Maybe sometimes in our lives we have used the clichés, “Hindsight is 20/20,” or “If I only knew then what I know now.” How true. This brings me to my essay entitled, “Lessons Learned.”
I’ve been trying to remember back to when I was a child in the late 40’s, early 50’s. As we grow older we tend to do this more often. I recall coming from a struggling family. My father working two jobs to provide for his family as there were 6 children and also many uncles who came to live with us after they had returned from the service. These uncles were my mother’s brothers and one by one as they came home on furlough or after having completed their tours in the military they would show up at our door.
I would be a bit shy around them really not knowing them. They would dump out their big green duffle bag and there would be an array of clothing and items of interest to a curious child. One time I remember seeing chopsticks and black velvet slippers similar to mittens with room for your big toe and the rest of your toes together. Also a tea set that when you held the cups up to the light there magically appeared a face in the bottom of the cup. There were satin pillow covers with fringe that said ‘‘Mother” on the front or some symbol that I did not recognize. There was always something for us children to look at including pictures of men in uniform and people and places I did not recognize. We would then have something to eat and be told to go to bed while the grown-ups stayed up talking well into the night.
After a while my uncles would leave. I assume to start their lives or perhaps return to their service. One in particular, the youngest, stayed and lived with my family until his death which occurred many years later. I was fond of this uncle as he was like a second father to us. My mother and he would have their “go-around” at times because of his drinking problem. Looking back now I can understand why. What had these men lived through while they were at war? Who did they have to comfort them when they returned home? Who would understand? Shell-shock some people would say. Not PTSD as it is known today. I don’t even know if there was help for veterans back in that time. Simply they would be type cast as alcoholics as many turned to the bottle for escape from the trauma and demons. It was their coping mechanism.

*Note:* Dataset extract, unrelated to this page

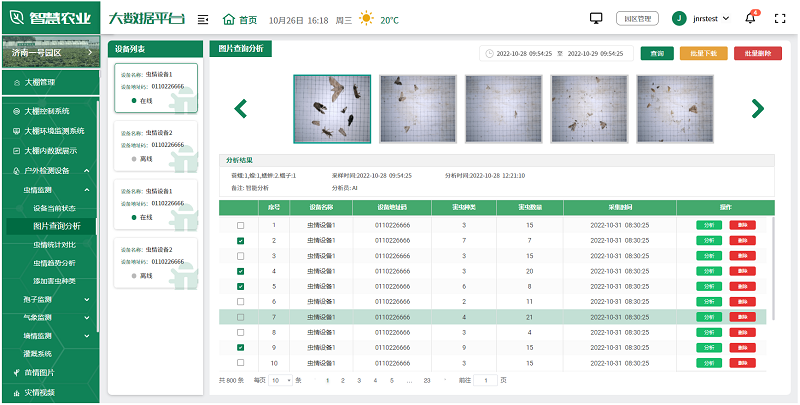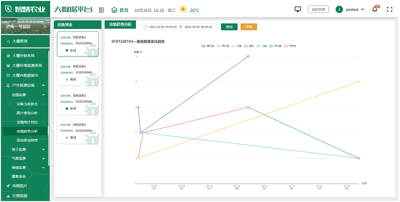 調用百度AI識別,自動識別害蟲種類和數量,進行統計和趨勢分析,提供精準的蟲害數據。

This particular uncle had been a POW. The Germans had captured him in the basement of a church. I know my parents did not hear from him for quite some time. We lived in Pennsylvania and as the story goes, someone living in New York had telephoned my mother telling her that her brother was alive and that he had been captured. How the word got to the New Yorkers I do not know. I wish I could have spoken to my uncle about these events. Every December he would sit at the kitchen table crying and reliving what happened to him. I remember him saying he would never eat cabbage or sauerkraut and he kept to his word. Other than the December breakdowns I never heard him talk about the war. It’s so sad for me not to have been able to talk to him, knowing what I know today about war and its consequences and about the POWs/MIAs. He’s gone and so are my parents: no one to tell what really happened. I guess that is just how life is sometimes. It was a different era: it was a different time. I was young and did not fully understand. But all in all and most importantly as I now think back I pray that he knew… that he was loved.